==== DATA SECTION ====

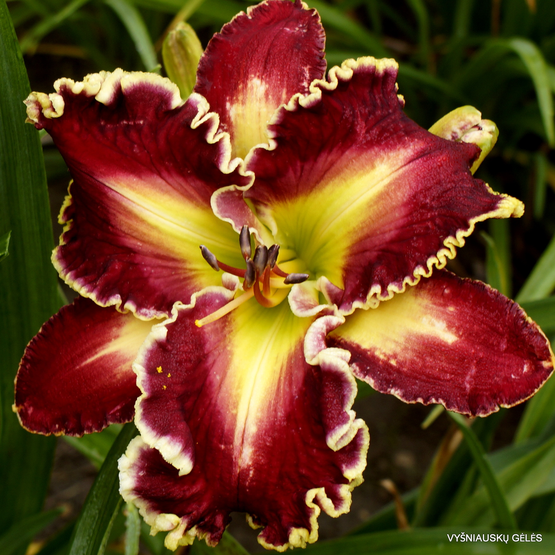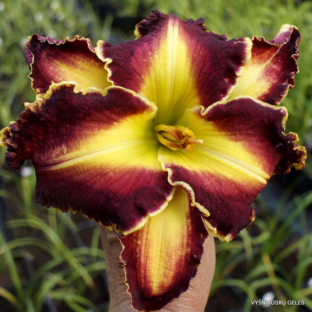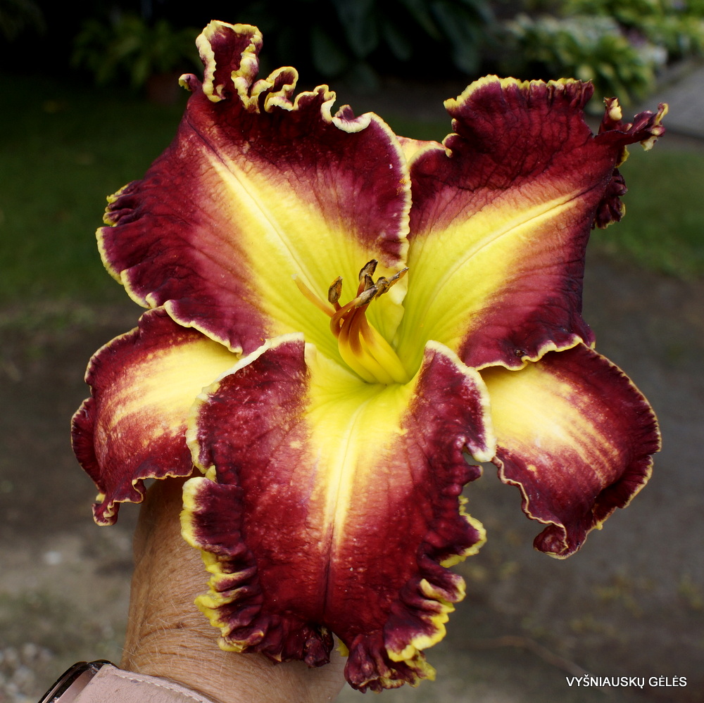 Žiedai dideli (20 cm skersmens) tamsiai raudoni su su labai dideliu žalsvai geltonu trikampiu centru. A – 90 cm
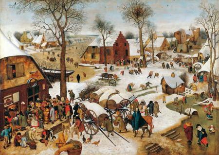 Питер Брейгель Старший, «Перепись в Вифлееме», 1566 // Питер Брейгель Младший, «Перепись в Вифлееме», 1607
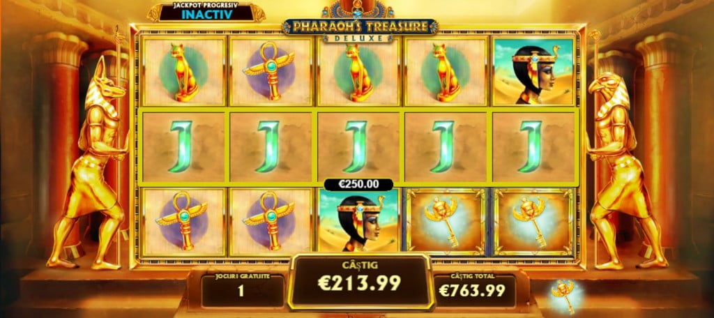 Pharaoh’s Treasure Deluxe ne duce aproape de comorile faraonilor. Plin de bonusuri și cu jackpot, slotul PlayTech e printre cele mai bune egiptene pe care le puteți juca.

====

# EXERCISE OBJECTIVE
Once the pictures are removed, copy the listing exactly.

# EXERCISE OUTPUT
 Žiedai dideli (20 cm skersmens) tamsiai raudoni su su labai dideliu žalsvai geltonu trikampiu centru. A – 90 cm
 Питер Брейгель Старший, «Перепись в Вифлееме», 1566 // Питер Брейгель Младший, «Перепись в Вифлееме», 1607
 Pharaoh’s Treasure Deluxe ne duce aproape de comorile faraonilor. Plin de bonusuri și cu jackpot, slotul PlayTech e printre cele mai bune egiptene pe care le puteți juca.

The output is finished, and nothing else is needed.